Abstract
On the 29th of April 2005, experimental Lebanese film maker Maher Abi Samra’s Dwar Shatila was screened in Qaat Al Shaab (the People’s Hall) in the Shatila Palestinian Refugee Camp in Beirut. The postcard invitation to the film’s viewing, designed by the film maker himself was a playful yet biting critique of Beirut’s art makers and art going public. The invitation featured a special map for the anticipated attendees of the film screening that takes Ras Beirut as its departure point and which purposefully (mis) leads to a maze of the tight streets and alleyways that define the camp and which Qaat Al Shaab nestles amongst. Having found themselves lost between its claustrophobic maze of tiny buildings and streets most attendees, including artists, curators, journalists and critics missed the point and as if falling for the film-makers provocations, commented instead on the difficulties and peculiarities of navigating the Camp, just like he envisioned they would.
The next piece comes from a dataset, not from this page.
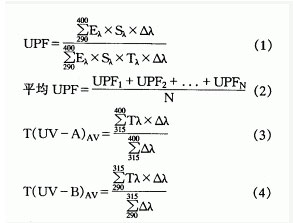 UPF、 T(UV-A)AV、T(UV-B)AV的計(jì)算如式(1)~(4)。

Taking its cue from Abi Samra’s sardonic comment on the invisibility of Lebanon’s Palestinians in Beirut’s transnationalized and internationally well-networked contemporary art scene, this paper will address how class as a field in the classical Bourdieuian sense, transnational cultural capital, and material culture coalesce in ways that reinforce the already existing marginality of Lebanon’s Palestinians, even when purporting to ‘speak’ for them or about them. Through a focus on Lebanese works of art, artistic projects and personal initiatives that make reference to or entirely elide the Palestinian refugee condition in Lebanon, the paper inserts the material culture representing a people rendered ‘invisible’ in to a paradigm that takes the twin effects of cultural and material capital circulation in the global art world as its focus. It unravels the ways in which cultural politics in Lebanon function to demarcate categories of identity and class that ultimately define how aesthetic materiality about invisibility is produced, consumed and circulated globally. As such the paper rethinks the recent backlash against traditional sociological accounts of art-such as those found in Howard Becker’s Art Worlds and Pierre Bourdieu’s The Field of Cultural Production and the Rules of Art-that have been criticized for overemphasizing the focus on factors of production at the expense of any agency the art may have. It suggests that bringing in materiality, class, and capital highlights how the relationship between material objects and their subjects perpetuates certain ideologies of exclusion.